Born to George A. and Mary Cornwall in a covered wagon en route from California to Washington state she was adopted by Mr. and Mrs. Richard Santell Davenport following the death of her mother. A cousin of the pianist Ethel Newcomb, she studied in Europe for 5 years, chiefly
in Copenhagen with Anton Svendsen and Christian Sandby. On August 8, 1899 she married Henry Christian Engberg of Bellingham, Washington state.

She made her debut as a violinist in 1903 in Copenhagen and toured extensively in Europe. In 1904 she gave a concert in New York, and went on to perform largely on the West Coast of the US. She made her debut as a soloist in Seattle on December 13, 1908, when she soloed with the Seattle Symphony at a Sunday afternoon pops concert at the Moore Theatre.

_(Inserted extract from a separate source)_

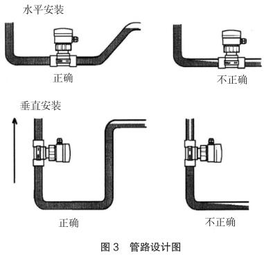 現(xiàn)場安裝時應(yīng)注意遠(yuǎn)離可能對其產(chǎn)生干擾的大型設(shè)備,防止長期的熱輻射和其他如磁場直射等環(huán)境影響。為確保高測量精度和較好的零點穩(wěn)定性,進行校正前,高壓電磁流量計應(yīng)裝入工藝介質(zhì)中至少 24 小時電極鈍化。安裝的管路設(shè)計應(yīng)確保管道始終充滿流體,防止測量誤差,管路設(shè)計圖見圖 3。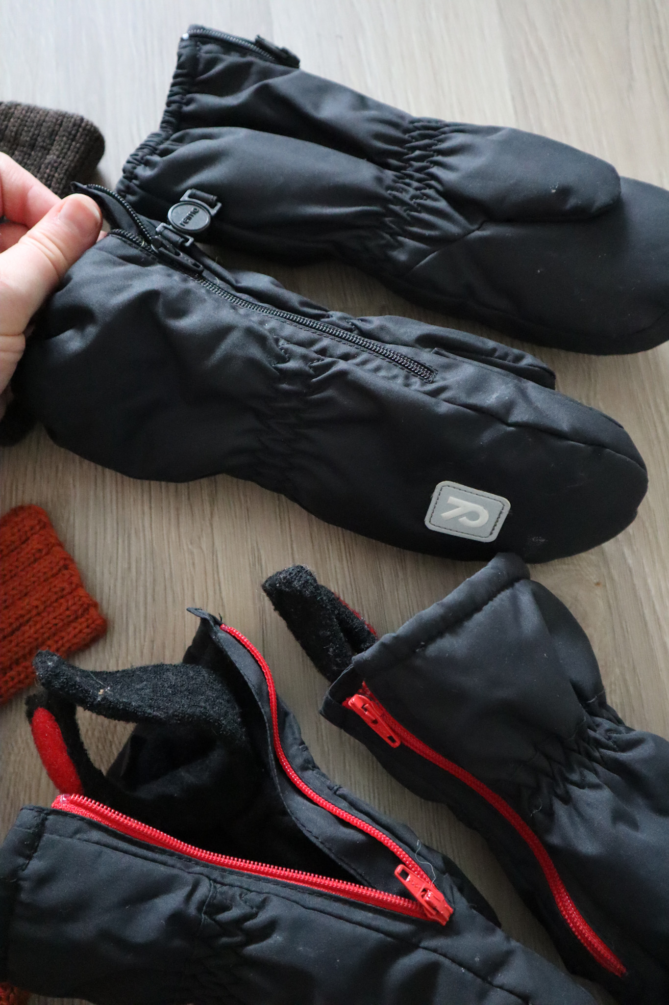 Talvihanskoja en ostanut tänä vuonna, vaan Eemille menee viime talveksi ostamani hanskat. Ostin silloin uutena Reiman vetoketjulliset toppahanskat, joita meillä on kaksin kappalein ja Polarn o Pyretin vetoketjulliset hanskat. Jälkimmäiset olivat viime talvena paremmat, sillä niissä oli ranteen ympärille tule kiinnitys, joka sai hanskan pysymään paremmin kädessä ja helpotti pukemista. Reiman hanskat oli vähän suuret viime talvena, mutta nyt molemmat kyllä pääsevät käyttöön.

In 1912, she returned to Bellingham to teach at the State Normal School there. Engberg went on to organize the 85-member Davenport Engberg
Orchestra in Bellingham. She led its opening concert in 1914. “It is my firm belief that everywhere in every intelligent community there is lying dormant material with which to develop and build up a symphony orchestra,” said Ms. Davenport Engberg.

From 1921 until 1924 she was music director of the Seattle Civic Symphony Orchestra, an orchestra she founded for the purpose of developing orchestra players for the Seattle Symphony from the ranks of local students. She also taught violin extensively. Her compositions include pieces for violin.